My Simple Sugar Wash

Post by swishy »

I'm new to this site, but I've been doing my own distilling for quite a while now. This is an awesome site and to help it out, I thought I'd add my own recipe to the mix. As the topic states, this is an extremely simple sugar wash.

Ingredients:

5 KG (or 27 cups, same amount) White or Brown sugar (I almost always use white, it's better to make flavored liqueurs and my "rye." Brown is more sweet with a slight rum taste.)
1 Jar 113G Fleischmann's Traditional Baker's Yeast
4.5 Gallons Water
6 Gallon carboy w/burper

Dissolve the 5 KG of sugar in the water. I usually boil water, pour it in the carboy and add the sugar until all sugar is dissolved. I top it off to 5 gallons.
Let it cool to 82F.
Add whole jar of yeast, no need to stir.
Put burper on top
Let sit for 3-4 weeks at room temperature
After this time, most of the sediment sinks to the bottom. I then siphon the top off, avoiding the sediment and run it through my reflux still.

For the first 3-4 hours of fermentation, quite a head is produced on top of the wash. The burper is bubbling an almost steady stream of bubbles. After four hours, it quiets down a bit and goes pretty steady for the next 36 hours or so.

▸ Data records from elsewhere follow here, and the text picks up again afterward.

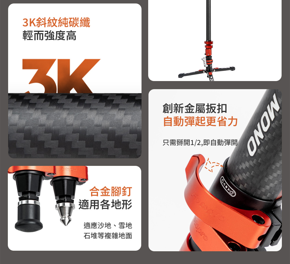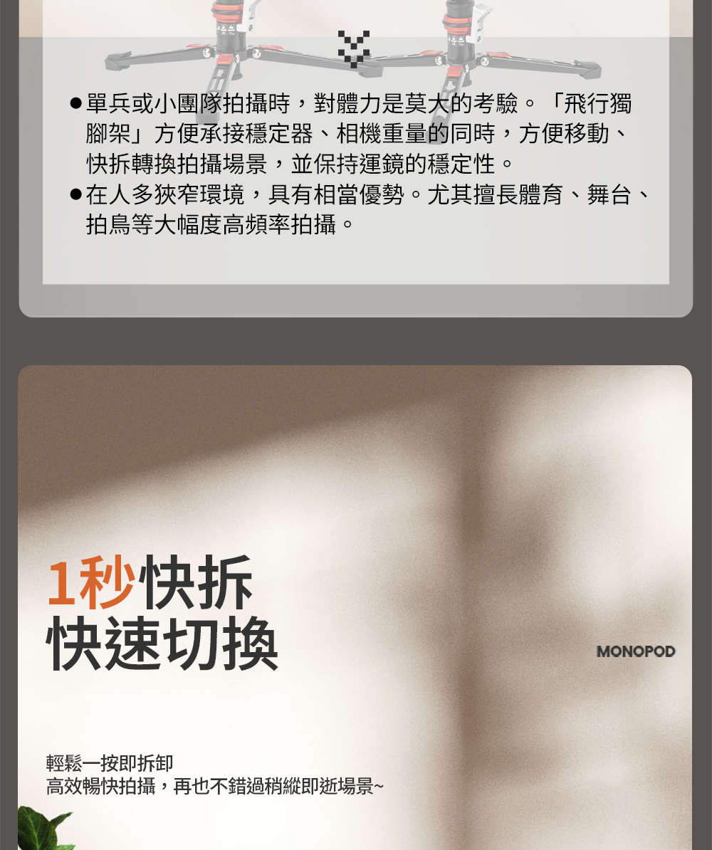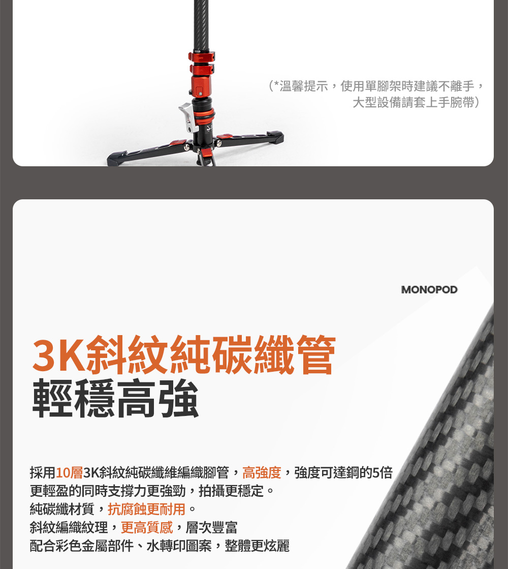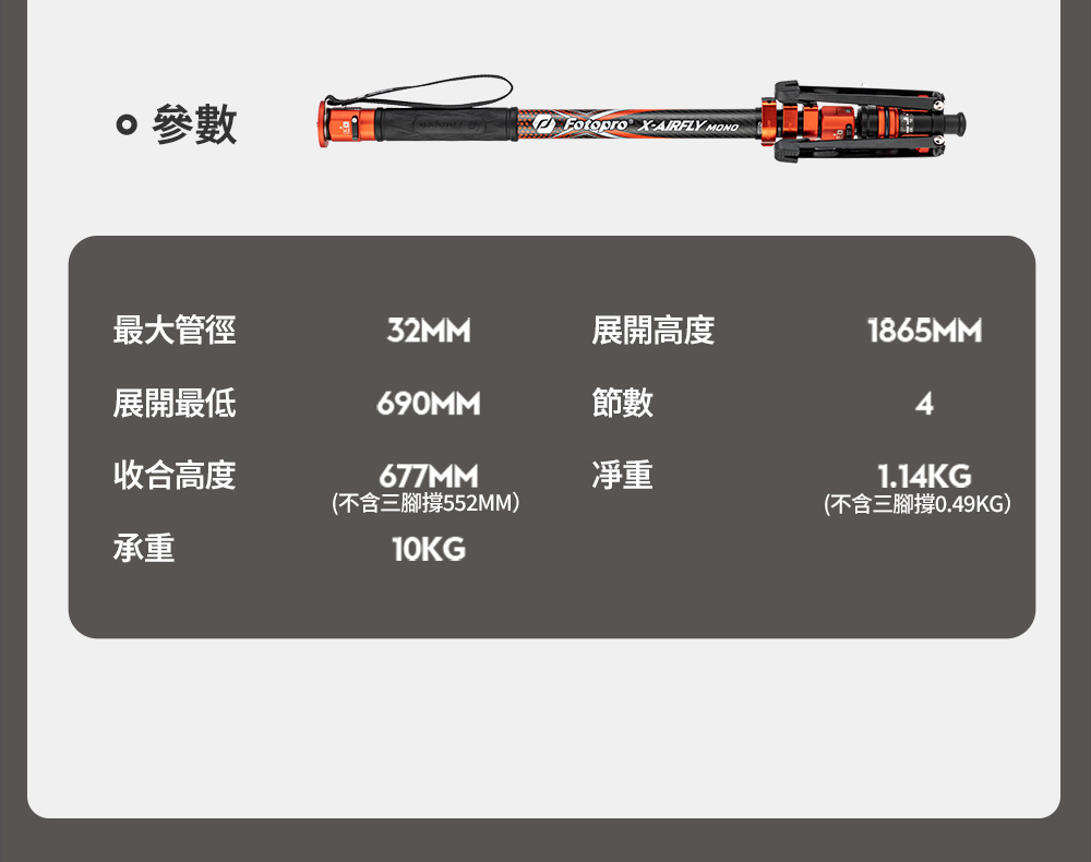X-AIRFLY Mono 專業碳纖單腳架【腳踏款】
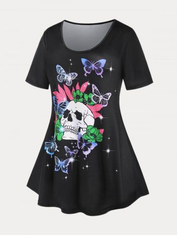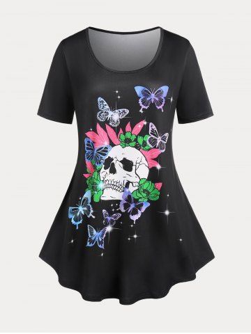 h*****84Skull Butterfly Print Plus Size & Curve Gothic T-shirtColor: BLACK Size: 2X | US 18-20super cute! thinner material perfect for summer! very pleased with it! probably could have gone a size smaller! love it though!
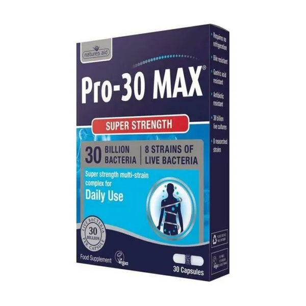 Το Natures Aid Pro-30 MAX 8 Strain Complex προσφέρει 30 δισ. προβιοτικά για υγιές έντερο, καλύτερη πέψη και καθημερινή εντερική υποστήριξη.
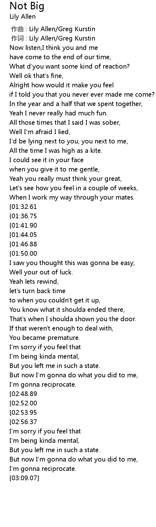 | [00:01.00] | 作词 : Lily Allen/Greg Kurstin |
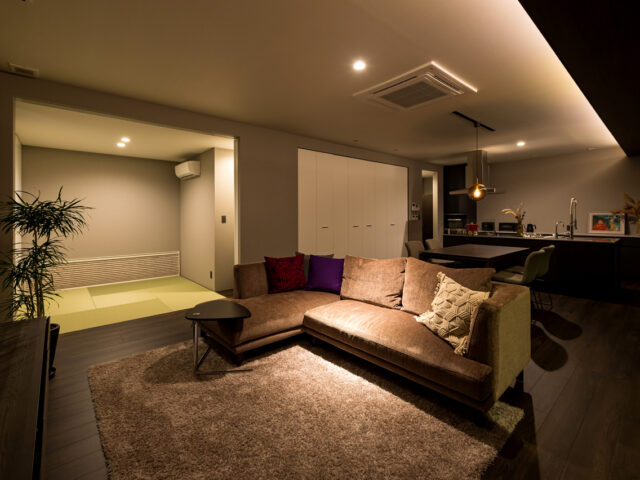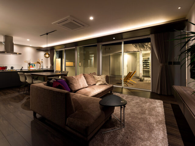 貼り方向をリビングと揃え、室内の延長のように演出。
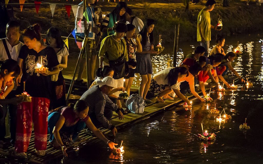 Каждый год в ноябре в Таиланде и других странах Юго-Восточной Азии празднуется фестиваль Лой Кратонг. В первый раз мы попали на него, когда только приехали в Бангкок в 2015 году. Это было очень красочно, сотни тысяч людей шли к различным водоемам и выпускали самодельные лодочки из банановых листьев, украшенные цветами и свечами. Было какое-то единение в этом действе. Мы уже после праздника прочитали, что же это такое было. Во-первых, таким образом тайцы благодарят Богиню воды за плодородный год и одновременно просят прощение за загрязнение водоемов. А во-вторых, многие кладут в эту самодельную лодочку кусочек ногтя или прядь волос, и как бы отправляют весь негатив по воде от себя подальше. По-моему, в этом есть смысл. С приходом кое-чего неприятного и заразного на букву К в 2020 году, фестиваль был отменен, чтобы народ не собирался вместе. И вот в этом году, наконец-то, Лой Кратонг снова будет праздноваться. После того, как заявление было сделано официально, один из университетов в Бан
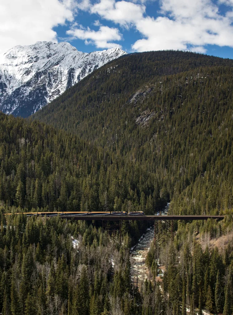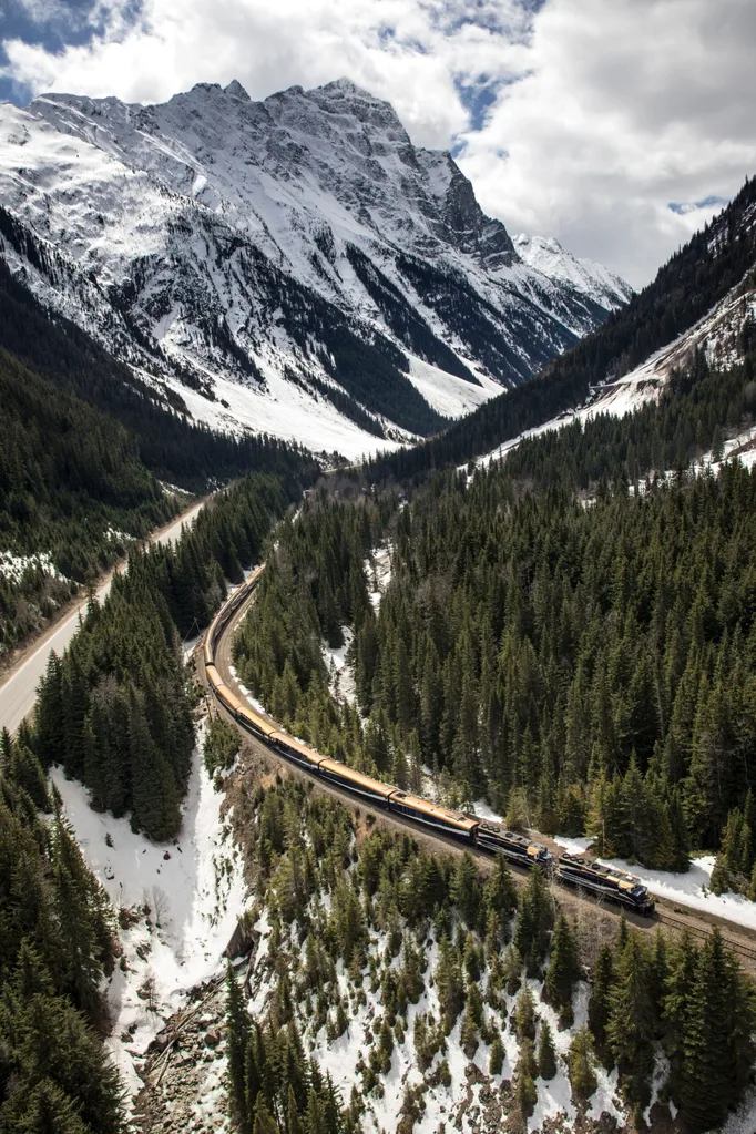 This is the beginning of the iconic ‘First Passage to the West’ route; a 900-kilometre sojourn that takes us from the coastal city of Vancouver in British Columbia to Alberta’s bucket listtopping resort town of Banff. It’s the first of four rail routes crisscrossing Western Canada and the Colorado Rockies, following the same historic trails that early settlers took on foot more than a century ago (albeit ours is a more lavish experience).
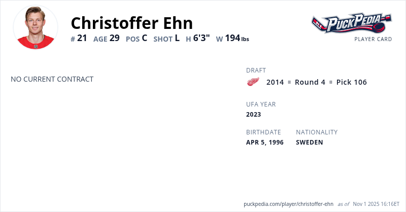 Christoffer Ehn is an Unrestricted Free Agent (No Qualifying Offer). His last contract was 3 years, $2,277,501 with a cap hit of $759,167 per season. It expired at the end of the 2019-20 season.
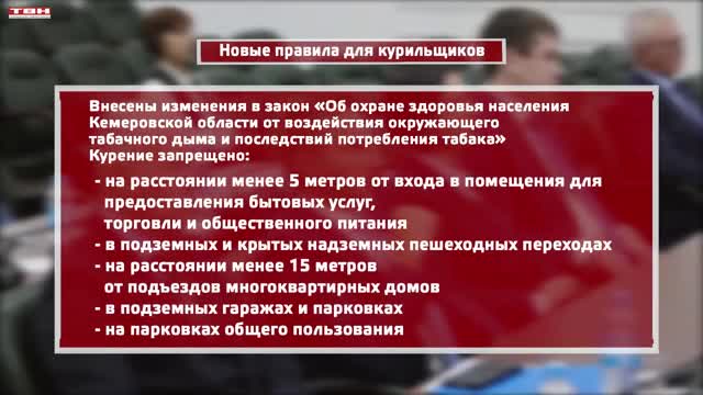 Ко второму чтению правила были дополнены. Кроме пунктов, озвученных выше, курение в Кузбассе будет запрещено на расстоянии менее 15 метров от подъездов, в подземных гаражах, а также на парковках общего пользования.

With this recipe, I've never had a batch go bad and I've always had good alcohol yields 16-19%. One of my favourite drinks is my "rye." I take the alcohol and cut it (it typically runs out of the still at 92-94% alcohol) 50/50 with water. I then fill a forty ounce bottle and put in four tablespoons of toasted oak chips. I let it sit for 24 hours, stir the contents and then filter out the chips. It isn't true rye whiskey, but it does the trick for now. Shortly, I'm going to try a real rye mash and see how that works out for me. If anyone has any questions or comments, let me know.